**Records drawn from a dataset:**
★ ★ ★ ★
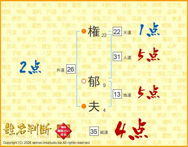 生活面を象徴する運勢です。外部から受ける影響力を表し、結婚運、家庭運や職場、環境への順応性を表します。総運から人運を引いた画数。姓や名が1文字の場合を除く。
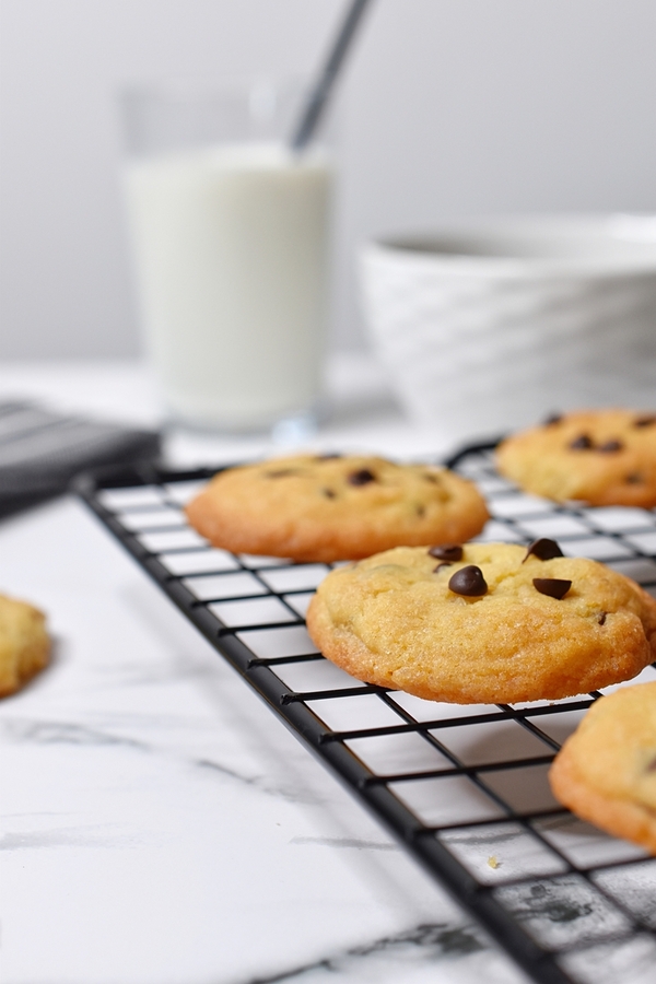 Place the baking tray with the balls in the fridge for half an hour, as the biscuit dough needs to be really cold before baking. Meanwhile, preheat the oven to 190°C. Slide the baking tray into the preheated oven and bake the biscuits for about 11 minutes. Using a palette knife, transfer the baked biscuits to a wire rack to cool completely.
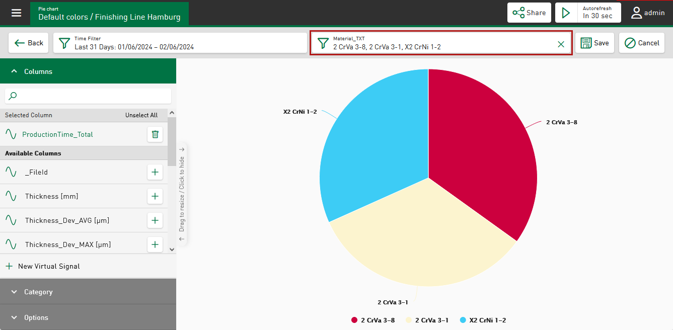 The appearance changes accordingly. The filtered materials appear in a field above the display.
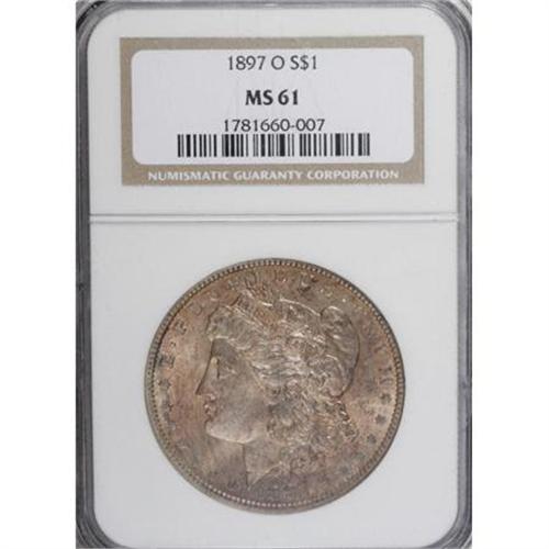 <B>1897-O $1 MS61 NGC.</B></I> <B>1897-O S$1 MS61 NGC.</B></I> Generally well struck, except for slight weakness above Liberty's ear, with unabated luster and surfaces that seem minimally abraded, for the MS61 grade level. The obverse displays pale violet-red toning, while the reverse has a pale golden-silver cast. <BR><BR><b>Shipping:</b> Coins & Currency (<a target="_blank" href="http://www.heritageauctions.com/common/shipping.php">view shipping information</a>)
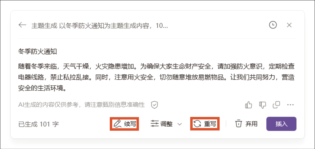 3 如果对生成的内容满意,想继续补充,可以单击【续写】按钮,继续补充内容。如果对生成的内容不满意,可以单击【重写】按钮,重新生成内容。
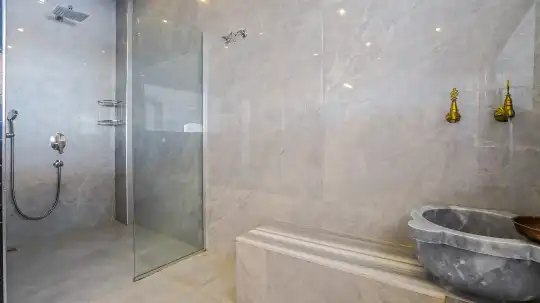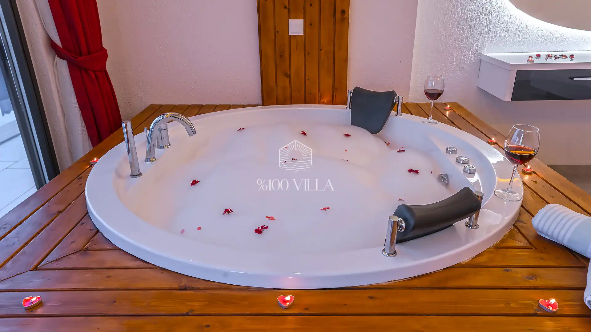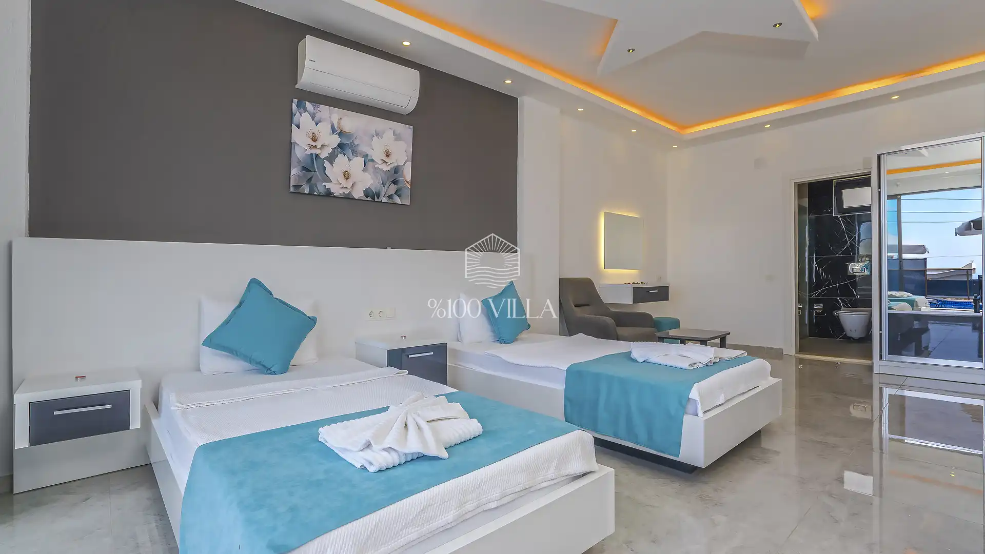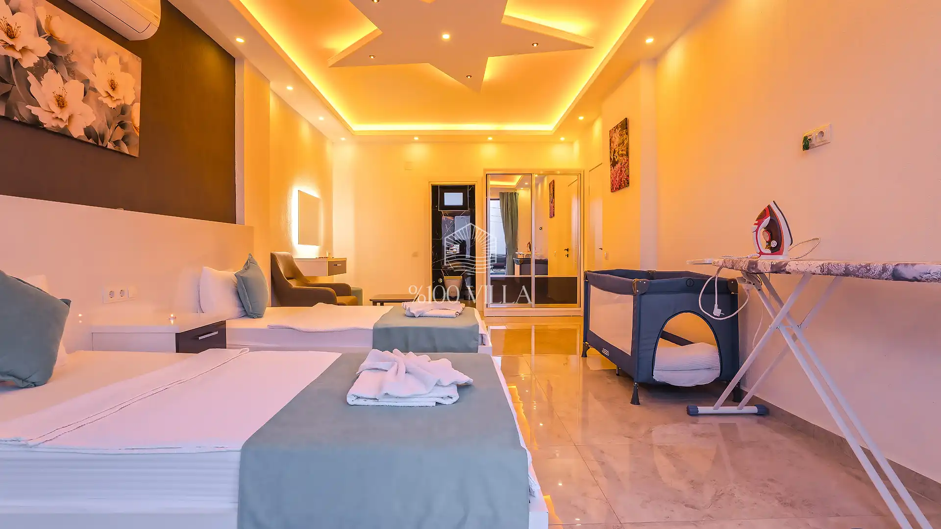Villamız, 2 yatak odası ve 2 banyosuyla, sevdiklerinizle mahremiyetinizi koruyarak tatil yapmanıza olanak sağlıyor.
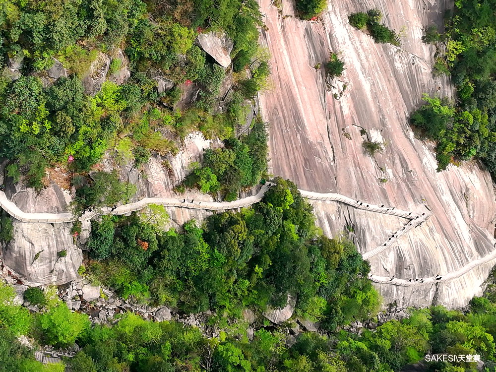 天堂寨所处的大别山,华东最后一片原始森林,是中国南北水系的分水岭,山北水往北流注入淮河,山南水往南流注入长江,在天堂寨峰顶北可望中原,南可眺荆楚,巍巍群山尽收眼底。海拔1729米。
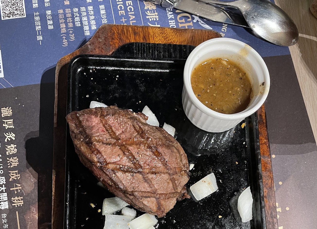 我點的是菲力3分熟,但大概是鐵板太燙了吧,上桌後約5分小小可惜,以這個價位感覺菲力應該要再表現得更好一點,肉本身沒有很好吃🥲
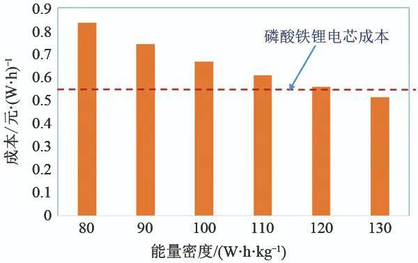 圖2 不同能量密度的鈉離子電池預(yù)估價(jià)格圖
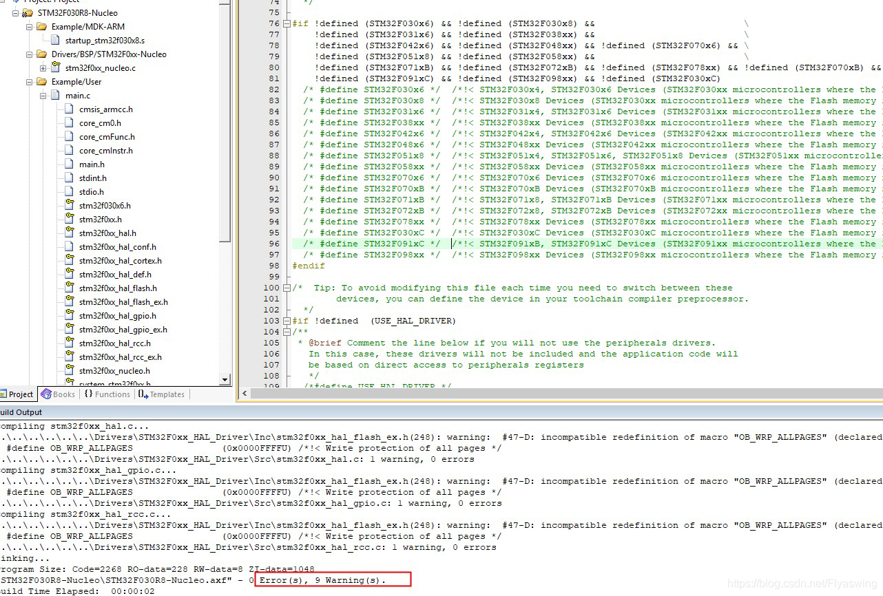 在STM32F0的HAL库工程中,stm32f0xx.h头文件用于根据宏定义选择器件。当在Keil中修改器件型号时,需手动更新该文件中的宏定义,以消除编译警告。同步修改宏定义后,警告将消失。
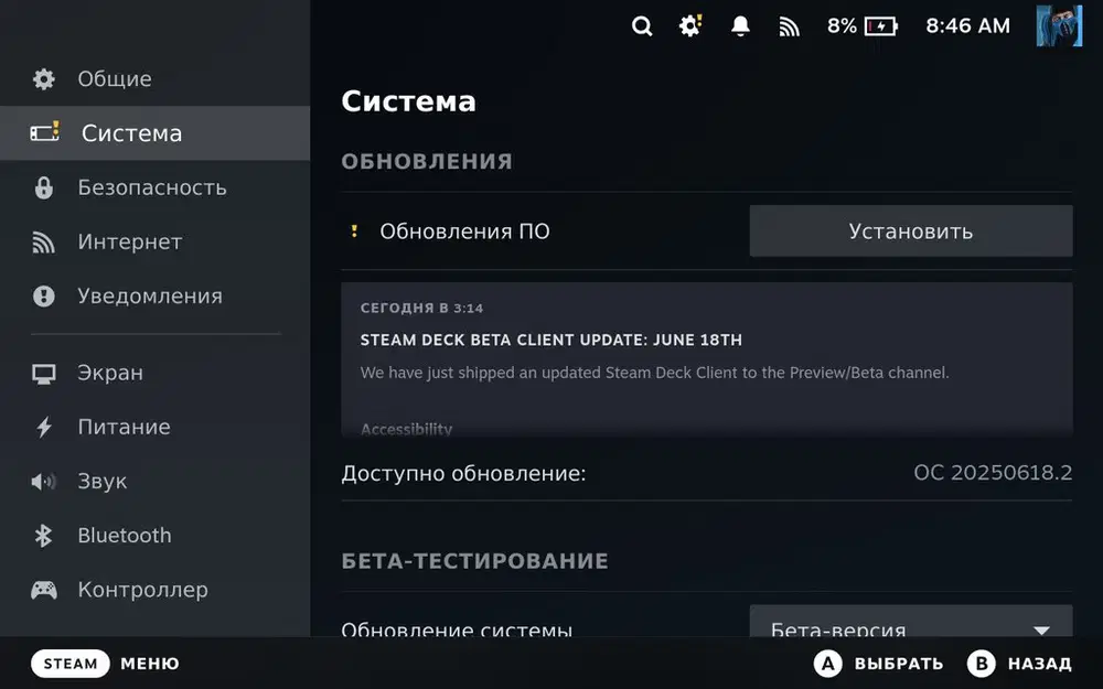 - В выпадающем меню «Обновление клиента Steam» выберите пункт Steam Deck Beta.
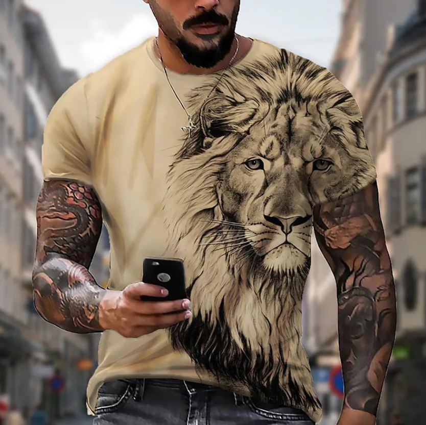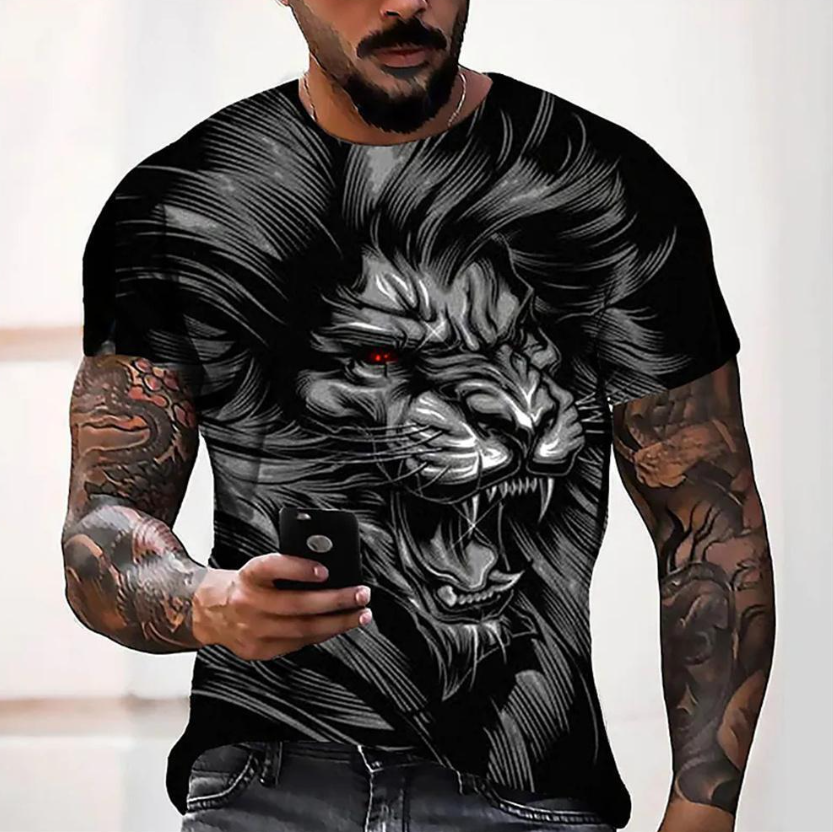 Introducing this captivating men's 3D printed t-shirt, a must-have addition to your summer wardrobe for embracing the wild and bold fashion. The lifelike 3D printed image of an animal lion makes this t-shirt stand out, adding a unique and daring statement to your summer outfits.
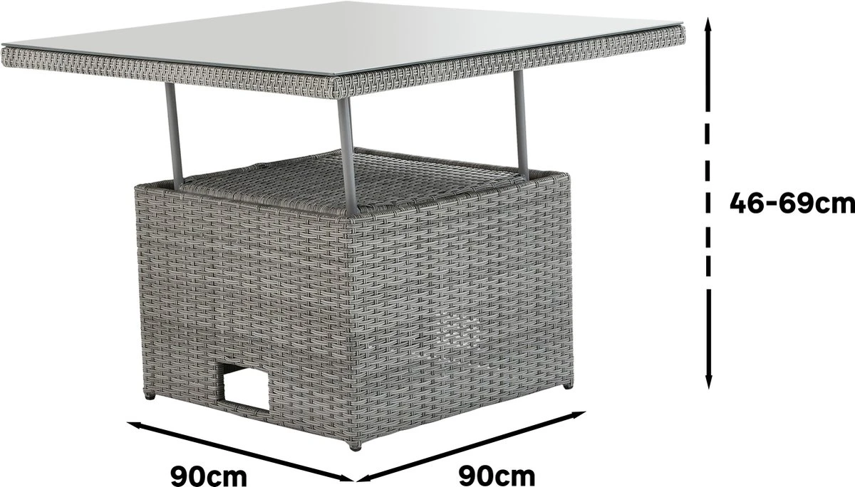 - COMPOSITION : Cet ensemble de salon de jardin DAVOS se compose d’un canapé d’angle avec coussins d’assise et de dossier, d’un tabouret avec coussins d’assise et d’une table basse pliante mesurant 90x90x46-69 cm. Les coussins sont résistants aux UV et à l’eau et peuvent être retirés.
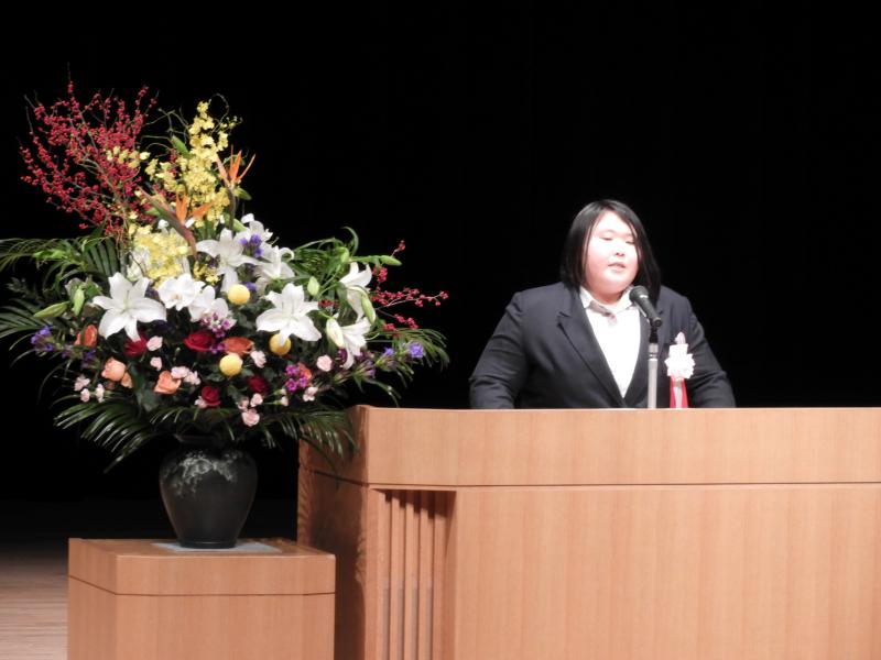 はじめに、第57回山形県少年の主張大会で最優秀賞を受賞した天童市立第三中学校3年岩淵礼姫さんが「人生を駆け抜ける」と題して主張発表しました。中学に入学後受けたいじめの経験から学んだこと、それを通して成長できたことを社会に生きているすべての人に伝えたいと発表しました。
★ ★ ★ ★
**WORK ITEM:** Text only, pictures out: give every record again as written.

**SOLUTION BELOW:**
 生活面を象徴する運勢です。外部から受ける影響力を表し、結婚運、家庭運や職場、環境への順応性を表します。総運から人運を引いた画数。姓や名が1文字の場合を除く。
 Place the baking tray with the balls in the fridge for half an hour, as the biscuit dough needs to be really cold before baking. Meanwhile, preheat the oven to 190°C. Slide the baking tray into the preheated oven and bake the biscuits for about 11 minutes. Using a palette knife, transfer the baked biscuits to a wire rack to cool completely.
 The appearance changes accordingly. The filtered materials appear in a field above the display.
 <B>1897-O $1 MS61 NGC.</B></I> <B>1897-O S$1 MS61 NGC.</B></I> Generally well struck, except for slight weakness above Liberty's ear, with unabated luster and surfaces that seem minimally abraded, for the MS61 grade level. The obverse displays pale violet-red toning, while the reverse has a pale golden-silver cast. <BR><BR><b>Shipping:</b> Coins & Currency (<a target="_blank" href="http://www.heritageauctions.com/common/shipping.php">view shipping information</a>)
 3 如果对生成的内容满意,想继续补充,可以单击【续写】按钮,继续补充内容。如果对生成的内容不满意,可以单击【重写】按钮,重新生成内容。
Villamız, 2 yatak odası ve 2 banyosuyla, sevdiklerinizle mahremiyetinizi koruyarak tatil yapmanıza olanak sağlıyor.
 天堂寨所处的大别山,华东最后一片原始森林,是中国南北水系的分水岭,山北水往北流注入淮河,山南水往南流注入长江,在天堂寨峰顶北可望中原,南可眺荆楚,巍巍群山尽收眼底。海拔1729米。
 我點的是菲力3分熟,但大概是鐵板太燙了吧,上桌後約5分小小可惜,以這個價位感覺菲力應該要再表現得更好一點,肉本身沒有很好吃🥲
 圖2 不同能量密度的鈉離子電池預(yù)估價(jià)格圖
 在STM32F0的HAL库工程中,stm32f0xx.h头文件用于根据宏定义选择器件。当在Keil中修改器件型号时,需手动更新该文件中的宏定义,以消除编译警告。同步修改宏定义后,警告将消失。
 - В выпадающем меню «Обновление клиента Steam» выберите пункт Steam Deck Beta.
 Introducing this captivating men's 3D printed t-shirt, a must-have addition to your summer wardrobe for embracing the wild and bold fashion. The lifelike 3D printed image of an animal lion makes this t-shirt stand out, adding a unique and daring statement to your summer outfits.
 - COMPOSITION : Cet ensemble de salon de jardin DAVOS se compose d’un canapé d’angle avec coussins d’assise et de dossier, d’un tabouret avec coussins d’assise et d’une table basse pliante mesurant 90x90x46-69 cm. Les coussins sont résistants aux UV et à l’eau et peuvent être retirés.
 はじめに、第57回山形県少年の主張大会で最優秀賞を受賞した天童市立第三中学校3年岩淵礼姫さんが「人生を駆け抜ける」と題して主張発表しました。中学に入学後受けたいじめの経験から学んだこと、それを通して成長できたことを社会に生きているすべての人に伝えたいと発表しました。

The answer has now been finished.